Хильда закричала, но она была слишком далеко. Владимир бросился вперед, но понимал, что не успевает.


Степан, который в этот момент привинчивал камеру, среагировал инстинктивно. Он не думал. Он просто развернулся, бросив дорогую технику (камера опасно качнулась, но устояла), и сделал выпад, достойный вратаря.


Его огромная рука схватила Ганса за шиворот куртки в тот момент, когда мальчик уже начал сползать вниз. Рывок был мощным, грубым. Степан дернул его на себя, прижал к груди и упал на спину, увлекая ребенка за собой на безопасные доски настила.


Они лежали так несколько секунд. Степан тяжело дышал, глядя в серое небо. Ганс, прижатый к его груди, молчал, осознавая, что только что произошло.


— Поймал, — хрипло выдохнул оператор. — Поймал, воробышек. Держу. Со мной не упадешь.


Хильда подбежала к ним, упала на колени. Ее трясло. Она ощупывала сына, проверяя, цел ли он, гладила его по голове, по плечам.


— Живой… Живой… Господи…


Она подняла глаза на Степана. В них стояли слезы, которые ветер тут же высушивал.


— Спасибо, — прошептал она. — Степан… Спасибо.


Степан сел, неловко отряхивая с себя пыль. Ему было явно не по себе от такого проявления чувств.


— Да ладно, — пробурчал он. — Дело житейское. Высота, она такая. Ошибок не прощает. Ты это, пацан… в следующий раз к краю не лезь. У меня сердце не казенное, второй раз так не екнут.

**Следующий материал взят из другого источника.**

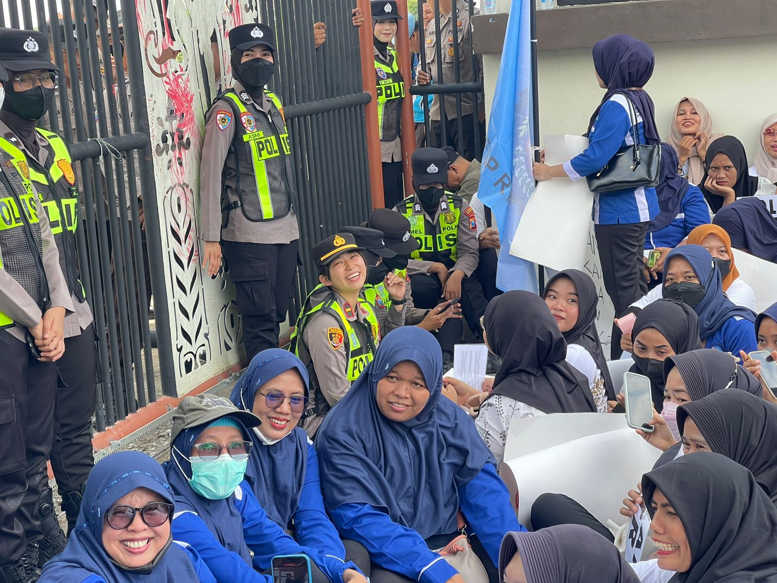Tindakan sederhana namun bermakna itu menjadi pemandangan menarik di sela-sela pengamanan. Para Polwan tampak duduk berdampingan dengan massa, berbincang santai tanpa sekat, menciptakan suasana yang akrab dan menenangkan di tengah dinamika aksi.
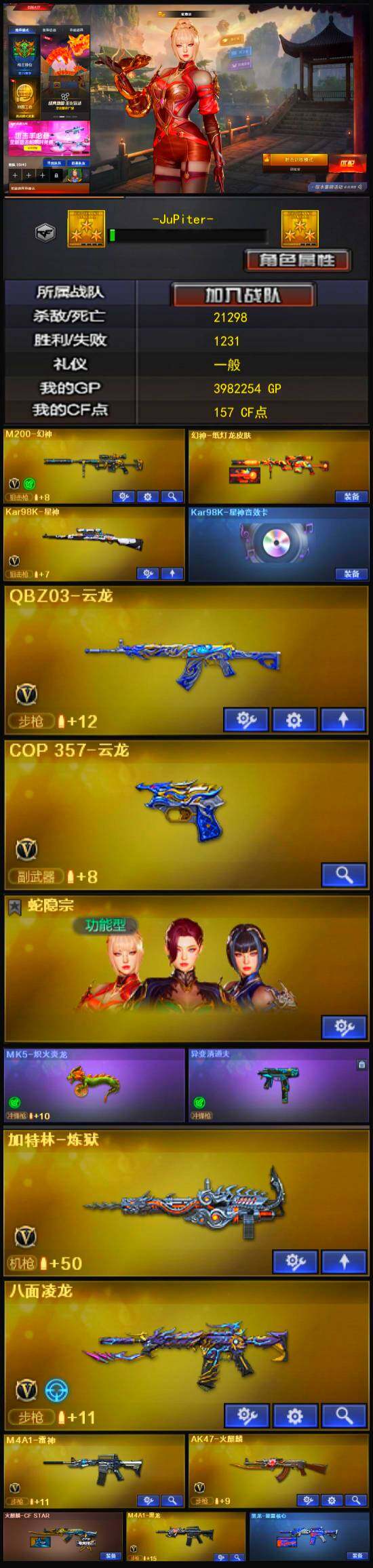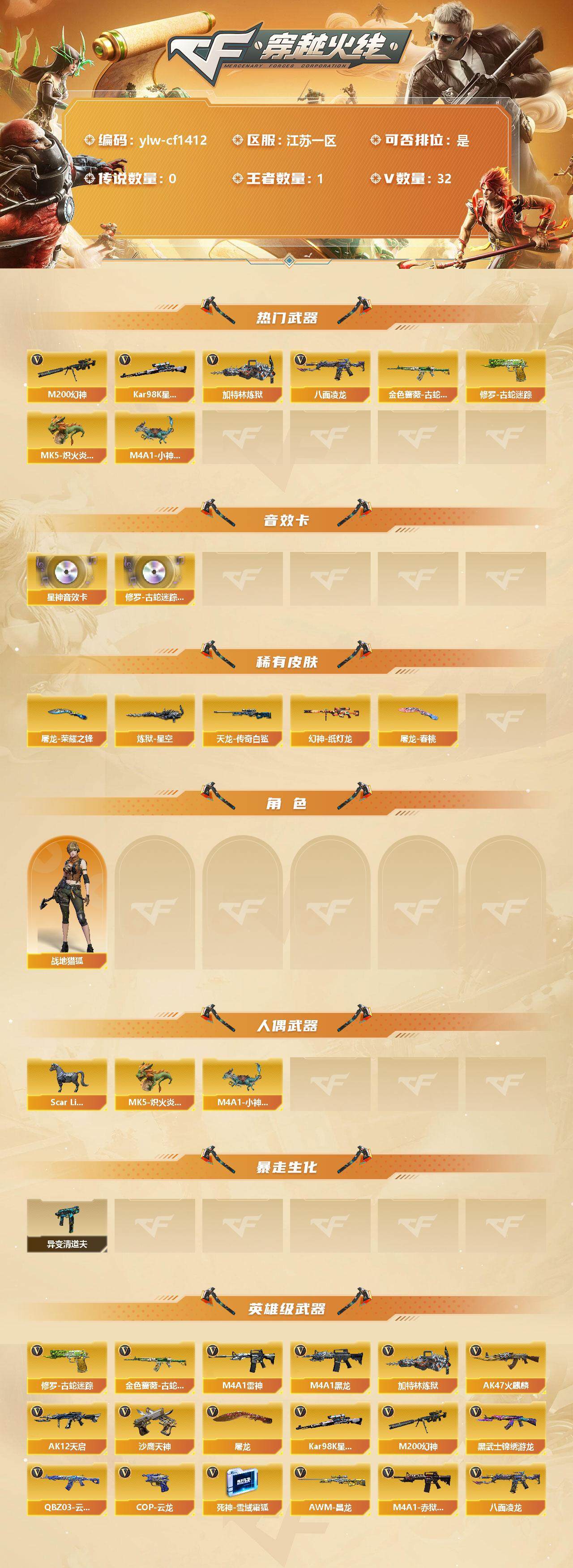 【商品标题】:江苏一区-32v-1王者-0炫金 【热门武器】:m200-幻神,金色蔷薇-古蛇迷踪,修罗-古蛇迷踪,八面凌龙,kar98k-星神,加特林-炼狱,5-炽火炎龙,m4a1-小神龙 【音效卡】:修罗-古蛇迷踪音效卡,kar98k-星神音效卡 【稀有皮肤】:幻神-纸灯龙皮肤,炼狱-星空,awm-天龙-传奇白鲨,屠龙-荣耀之锋,屠龙-春桃 皮肤 【角色】:战地猎狐 【人偶武器】:m4a

Он встал, поднял Ганса и поставил его на ноги. Потом, словно стесняясь своей мягкости, громко скомандовал:


— Так! Перекур! И обед. Война войной, а обед по расписанию. У кого котелок?


Они устроились там же, на площадке, укрывшись от ветра за толстой колонной. Степан достал свой армейский котелок с тушенкой, которую разогрели на сухом спирте, хлеб и фляжку.


Это был странный пикник. На высоте пятидесяти метров над разрушенной столицей Рейха, русский солдат, немецкая женщина и её сын делили одну банку тушенки. Владимир наблюдал за этим со стороны, жуя кусок хлеба. Он видел, как Степан делит мясо. Большие, сочные куски он аккуратно выкладывал на хлеб Гансу и Хильде, а себе оставлял жир и юшку.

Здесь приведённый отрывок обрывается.